Genomic surveillance of a vector control trial

From the Anopheles gambiae 1000 Genomes project we have identified numerous candidate insecticide resistance loci, some of which are causally associated with resistance in wild populations. Many variants confer resistance multiple classes of insecticide. Recently, the CRISPR/Cas9 endonuclease system was adapted for transformation of Anopheles mosquitoes. This transformation system can be used to introduce mutations or entire transgenes into the mosquito genome in a site-specific manner. Through homology-directed repair, individual mutations can be introduced into mosquitoes without any additional exogenous DNA sequences. In addition, large transgene cassettes carrying both regulatory and protein coding sequences can be introduced.
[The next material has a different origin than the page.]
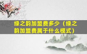 绿之韵加盟费多少(绿之韵加盟费属于什么模式)
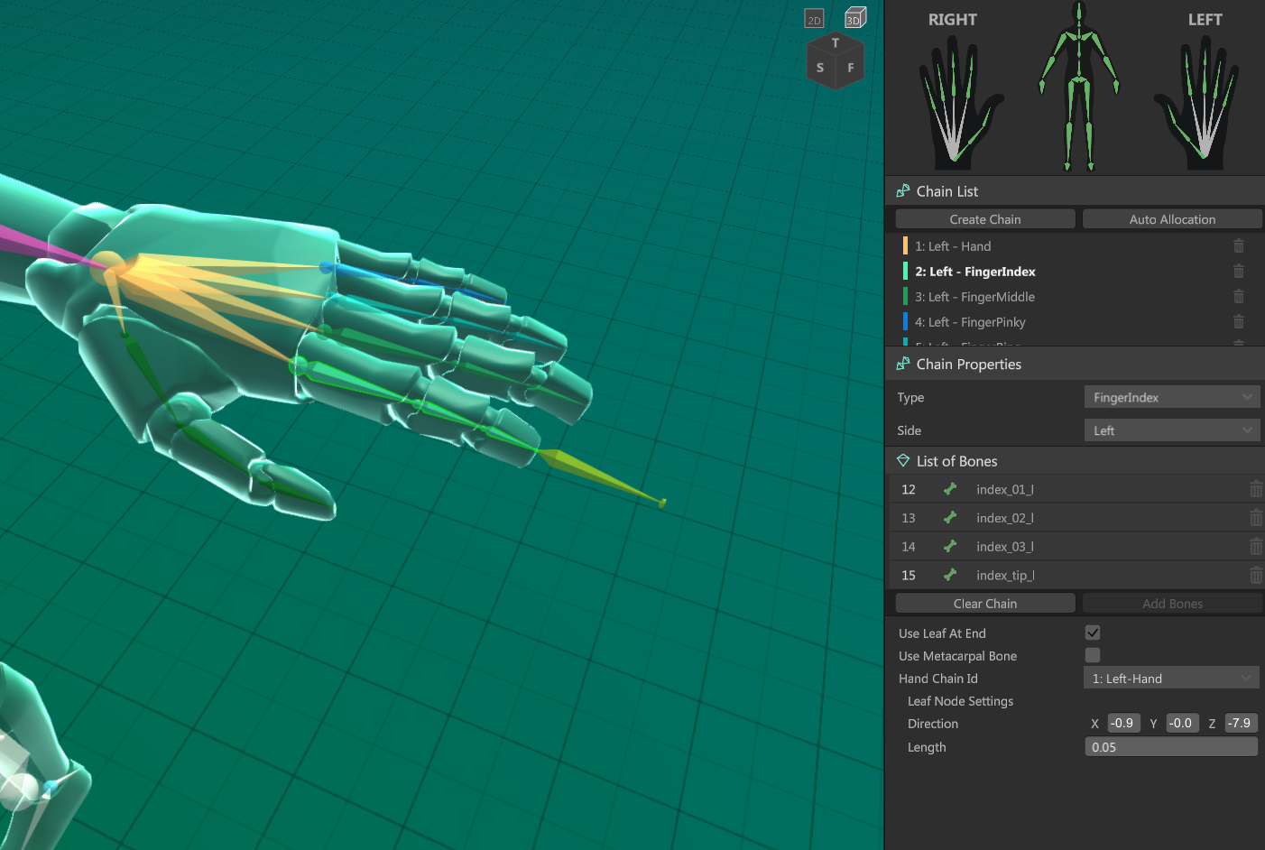 When using glove data to drive the animation of a model, you commonly run into mismatches. Be it, the dimensions of the model don't match, the bone names don't match etcetera. The skeleton system is our answer to tackle that issue. It's a system to retarget our data (be it glove or body) onto the model of your choosing.

Using this tool we will introduce, individually, the target-site (eg Vgsc-1575Y; Vgsc-1874F) and metabolic (eg Gste2-114T; Cyp4j5; Cyp6m2) insecticide resistance-associated mutations we have identified into a fully susceptible strain of An. gambiae. By having lines with a standard genetic background we will be able to quantify the impact of individual mutations on susceptibility to a range of insecticides. We will be able to generate, with high fidelity, super-resistant lines which may be used by IVCC partners to test the efficacy of new and repurposed insecticides. This will enable industry to rationally market insecticides, reducing the chances of widespread distribution of potentially ineffective insecticides. The work will be beneficial to both discovery and development scientists, and will enable scientists / disease programme staff to have a clear understanding of the likely impacts of resistance, empowering them to develop insecticide resistance management strategies. Furthermore, policy makers will have access to normative testing procedures and a strong evidence base to support control decisions.